DATASET SECTION ▸

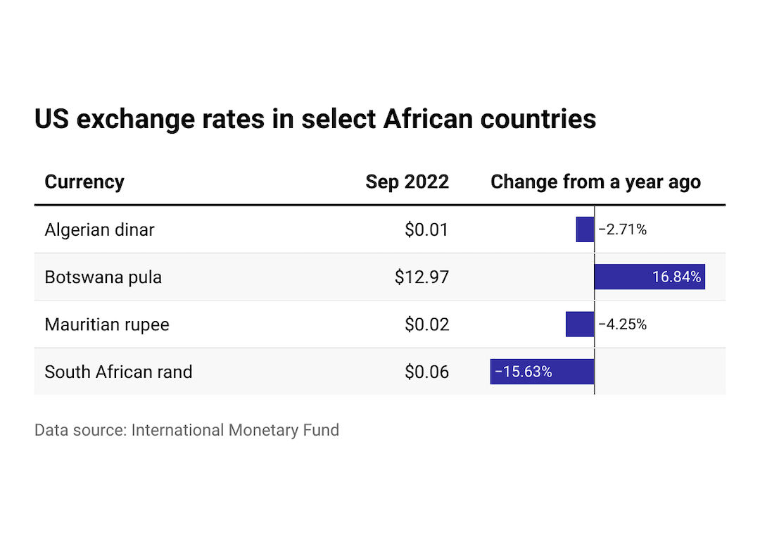 MoneyTransfers.com calculated the change in exchange rates from September 2021 to September 2022 using data from the International Monetary Fund. All amounts are recorded in U.S. dollars. Exchange rates are calculated as the U.S. price of a foreign currency.
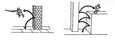 But all the weapons and special items aside, Ninja Gaiden‘s greatest speciality is once again Ryu’s agility as a ninja. By jumping against a wall, he will cling on to it – unless there’s a ladder, you can’t climb directly up or downwards. Instead you have to jump off, and, if there’s another wall facing the first one, climb up by wall-jumping alternately. This wall bouncing technique has since become a staple of awesome action games everywhere.
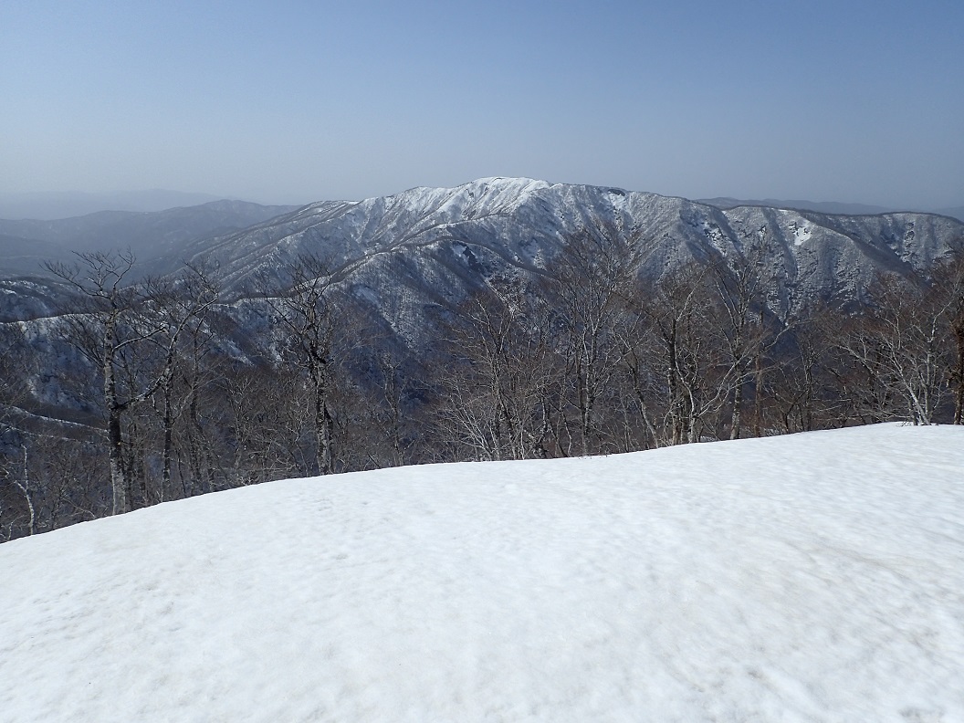 標高680mぐらいから一面の雪となり、スノーシューを装着。天気が良く暑いぐらいだ。標高が上がってくると、ブナの林となる。そして県境稜線手前からは広く展望が開けた。 稜線に出て、「あれが三国だよね」と確認するが、ずいぶん先である。しかし、展望の広がる別天地のような尾根をサクサクと進むと、案外早く近づいてくる。 三国岳の山頂は広く、遠方はやや春霞だが、360度の大展望である。ペースの遅い山友には、県境稜線に出る手前で「先に行って左千方に行ってくる」と言ってあったので、ピストンした。左千方頂上も素晴らしい展望だ。足元の谷までよく見えるので、むしろ三国の頂上よりも展望が良い。上谷山は格好いいが、三国岳は、山というより丘のような感じで見栄えしない。三国岳に戻ってランチをしているときに、山友が合流した。ランチを済ませて縦走を再開する。 夜叉丸までの途中の夜叉ヶ岳(P1206)に来ると、樹間から見る夜叉丸への尾根が尖っていて、雪割れもある。行けるのか心配になったが、近づいてみると何の問題もなかった。夜叉丸も360度の展望。三周ヶ岳が近くなった。 夜叉丸からは、岩谷川林道の終点への尾根を下った。心配した山友は、遅れながらもついてくることができた。結局、全線にわたり誰にも会わなかった。

ACTIVITY ▸ Pictures stay out; everything else in the listing above is to be repeated exactly.

EXERCISE OUTPUT ▸
 MoneyTransfers.com calculated the change in exchange rates from September 2021 to September 2022 using data from the International Monetary Fund. All amounts are recorded in U.S. dollars. Exchange rates are calculated as the U.S. price of a foreign currency.
 But all the weapons and special items aside, Ninja Gaiden‘s greatest speciality is once again Ryu’s agility as a ninja. By jumping against a wall, he will cling on to it – unless there’s a ladder, you can’t climb directly up or downwards. Instead you have to jump off, and, if there’s another wall facing the first one, climb up by wall-jumping alternately. This wall bouncing technique has since become a staple of awesome action games everywhere.
 標高680mぐらいから一面の雪となり、スノーシューを装着。天気が良く暑いぐらいだ。標高が上がってくると、ブナの林となる。そして県境稜線手前からは広く展望が開けた。 稜線に出て、「あれが三国だよね」と確認するが、ずいぶん先である。しかし、展望の広がる別天地のような尾根をサクサクと進むと、案外早く近づいてくる。 三国岳の山頂は広く、遠方はやや春霞だが、360度の大展望である。ペースの遅い山友には、県境稜線に出る手前で「先に行って左千方に行ってくる」と言ってあったので、ピストンした。左千方頂上も素晴らしい展望だ。足元の谷までよく見えるので、むしろ三国の頂上よりも展望が良い。上谷山は格好いいが、三国岳は、山というより丘のような感じで見栄えしない。三国岳に戻ってランチをしているときに、山友が合流した。ランチを済ませて縦走を再開する。 夜叉丸までの途中の夜叉ヶ岳(P1206)に来ると、樹間から見る夜叉丸への尾根が尖っていて、雪割れもある。行けるのか心配になったが、近づいてみると何の問題もなかった。夜叉丸も360度の展望。三周ヶ岳が近くなった。 夜叉丸からは、岩谷川林道の終点への尾根を下った。心配した山友は、遅れながらもついてくることができた。結局、全線にわたり誰にも会わなかった。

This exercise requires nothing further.